The SDK provides robust error information:

*   **`get_secret(..., raise_on_failure=True)` (Default Behavior):**
    *   All secret-retrieval failures from any tier raise `PiperSecretAcquisitionError`. This error includes:
        *   `variable_name`: The name of the variable that failed.
        *   `attempted_sources_summary`: A dictionary mapping source names (e.g., "Piper", "EnvironmentVariable", "LocalConfigFile") to specific errors or failure messages (e.g., a `PiperGrantNeededError` object, a string like "Environment variable 'X' not set", or a `FileNotFoundError`). Its `__str__` method provides a comprehensive summary ideal for logging.

    *   Other errors like `PiperConfigError` (for SDK setup issues found during a call) or more specific `PiperAuthError` subtypes might be raised directly from the Piper tier if they occur before all tiers are exhausted.

*   **`get_secret(..., raise_on_failure=False)` (New in v0.7.0):**
    *   If an error occurs (client initialization issue passed down, configuration problem during the call, or secret acquisition failure across tiers), this mode does *not* raise an exception.
    
    *   Instead, it returns a dictionary containing details about the failure, including an `error_object` key holding the actual `PiperError` instance (e.g., `PiperSecretAcquisitionError`, `PiperConfigError`). The dictionary also includes `value: None`, `source` (e.g., "client\_initialization\_failure", "piper\_grant\_needed"), and `variable_name`.

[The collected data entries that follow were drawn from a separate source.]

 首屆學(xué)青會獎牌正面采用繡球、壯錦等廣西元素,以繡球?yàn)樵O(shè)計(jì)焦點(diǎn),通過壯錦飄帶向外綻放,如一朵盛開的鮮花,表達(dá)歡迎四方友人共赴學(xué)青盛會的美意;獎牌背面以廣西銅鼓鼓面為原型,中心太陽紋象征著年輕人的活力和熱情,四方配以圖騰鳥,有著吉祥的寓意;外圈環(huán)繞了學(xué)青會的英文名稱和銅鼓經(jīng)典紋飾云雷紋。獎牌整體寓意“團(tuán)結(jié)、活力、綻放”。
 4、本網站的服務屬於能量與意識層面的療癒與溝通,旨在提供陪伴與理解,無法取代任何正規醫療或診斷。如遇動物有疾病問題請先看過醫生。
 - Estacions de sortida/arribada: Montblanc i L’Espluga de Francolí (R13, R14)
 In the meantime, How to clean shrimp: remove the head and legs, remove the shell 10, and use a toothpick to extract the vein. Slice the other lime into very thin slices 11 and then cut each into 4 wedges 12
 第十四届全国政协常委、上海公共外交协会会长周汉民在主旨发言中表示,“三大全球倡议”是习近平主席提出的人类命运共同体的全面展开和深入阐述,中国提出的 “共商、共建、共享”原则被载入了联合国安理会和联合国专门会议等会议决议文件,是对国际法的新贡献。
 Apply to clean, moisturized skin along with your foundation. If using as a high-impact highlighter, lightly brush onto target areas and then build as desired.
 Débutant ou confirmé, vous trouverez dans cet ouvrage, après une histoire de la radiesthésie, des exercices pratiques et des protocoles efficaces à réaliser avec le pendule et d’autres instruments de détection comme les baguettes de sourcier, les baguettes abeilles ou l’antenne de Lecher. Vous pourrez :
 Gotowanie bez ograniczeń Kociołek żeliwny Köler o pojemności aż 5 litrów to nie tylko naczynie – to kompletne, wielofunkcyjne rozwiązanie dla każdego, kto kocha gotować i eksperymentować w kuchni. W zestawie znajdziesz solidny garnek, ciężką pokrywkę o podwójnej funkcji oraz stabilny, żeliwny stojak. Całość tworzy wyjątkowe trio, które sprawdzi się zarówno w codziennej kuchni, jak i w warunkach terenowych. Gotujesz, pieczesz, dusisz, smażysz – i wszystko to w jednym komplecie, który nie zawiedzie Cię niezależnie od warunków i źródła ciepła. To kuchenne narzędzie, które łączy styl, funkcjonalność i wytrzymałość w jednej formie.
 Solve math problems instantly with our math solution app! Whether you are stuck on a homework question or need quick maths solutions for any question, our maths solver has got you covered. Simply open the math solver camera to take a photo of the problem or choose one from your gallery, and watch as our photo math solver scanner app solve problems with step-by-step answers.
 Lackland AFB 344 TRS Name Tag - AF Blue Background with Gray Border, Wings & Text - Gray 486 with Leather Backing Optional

    *   The error is also stored internally and can be retrieved using `piper.get_last_error_for_variable(variable_name)`.

*   **`get_resolution_advice(variable_name, error_object?)` (New in v0.7.0):**
    *   Use this method to convert an error object into a user-friendly, actionable string. This is the **recommended way to generate messages for your users** when `get_secret` (non-raising) indicates a failure, or if `piper.client_initialization_ok` is `False`.

**Key Error Types you might interact with:**
- `PiperConfigError`: Issues with how `PiperClient` is configured or invalid inputs to its methods.

- `PiperLinkNeededError`: Piper Link context (`instanceId`) is required for a Piper tier operation but is missing.

- `PiperGrantNeededError`: User needs to grant permission in the Piper UI for the requested variable. Contains a `constructed_grant_url` attribute with a direct link for the user (e.g., `https://agentpiper.com/secrets?response_type=code&scope=manage_grants&client=YOUR_AGENT_ID&variable=REQUESTED_VAR_NAME`).

- `PiperAuthError` / `PiperForbiddenError`: Authentication or permission issues with the Piper backend services.

- `PiperRawSecretExchangeError`: Errors specific to the raw secret exchange step if `fetch_raw_secret=True`.

- `PiperSecretAcquisitionError`: The umbrella error when `get_secret` (in raising mode) fails after trying all configured tiers, or the `error_object` returned by non-raising `get_secret` if all tiers fail.